Applying a range of critical approaches to works by authors including Susan Cooper, Catherine Fisher, Geraldine McCaughrean, Anthony Horowitz and Philip Pullman, this book looks at the formative and interrogative relationship between recent children's literature and fashionable but controversial aspects of modern Paganism.
I only had time to read the one chapter so far before having to return it to the library, but i can say it is very much a librarians lit crit book. It does suggest many different titles to explore if you are looking for a certain theme you would like to read more of. On the subject of the green man, i will say it had some interesting points i didnt expect.
I read one chapter of this book for my MA dissertation and have nearly bought it on the back of that despite it being £67! Thank goodness I didn’t! Basically the chapter I read, Herne the Hunter and the Green Man, was the best one.
Unfortunately I think the premise of the book makes for rather depressing reading. It feels as though the author was interested in Herne and the Green man but needed to write more. I felt he pulled apart Paganism, by missing much of the point. Shamanism he was very respectful of but didn’t seem to understand ‘connection’, as in their are many different Shamanic practices throughout the world, which to my mind connects the world. Witchcraft and Earth Mysteries had all the mystery taken from them.
Children’s fiction has always been (for me) a treasure trove of wonderful ideas and stories to get lost in.
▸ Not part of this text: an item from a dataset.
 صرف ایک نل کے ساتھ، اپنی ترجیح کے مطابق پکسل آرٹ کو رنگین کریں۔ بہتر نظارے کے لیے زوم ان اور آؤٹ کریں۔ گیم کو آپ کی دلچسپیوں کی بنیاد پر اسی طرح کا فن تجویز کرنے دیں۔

Personally I believe they are not necessarily meant to to be logical or fit preconceived ideas, they are meant to transport the reader into something magical where anything can happen.
The next best thing is the Reference section, a resource for Pagan Themed reading both Children’s and Adult non-fiction.
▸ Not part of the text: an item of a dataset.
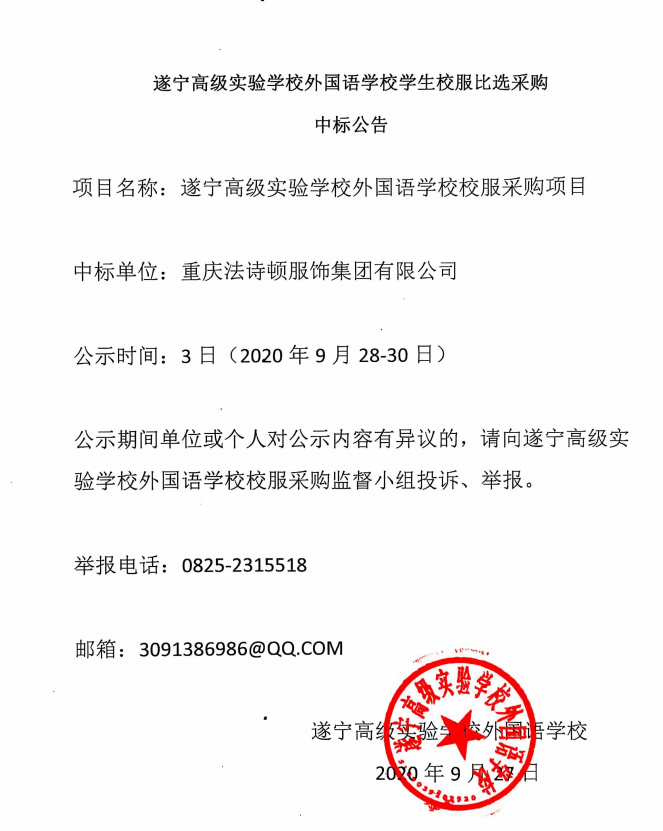 遂宁高级实验学校外国语学校学生校服比选采购中标公告

Overly burdened with theory and showing evidence of having begun life as a dissertation. If I weren't a stolid reader of literary criticism I'd have grown impatient with the author's continual reiteration of themes and the tiresome summaries -- at the beginnings and ends of chapters and often in the middles as well -- of what he was about to say or had said. However, a useful guide to the subject and avoids the more obvious pitfalls.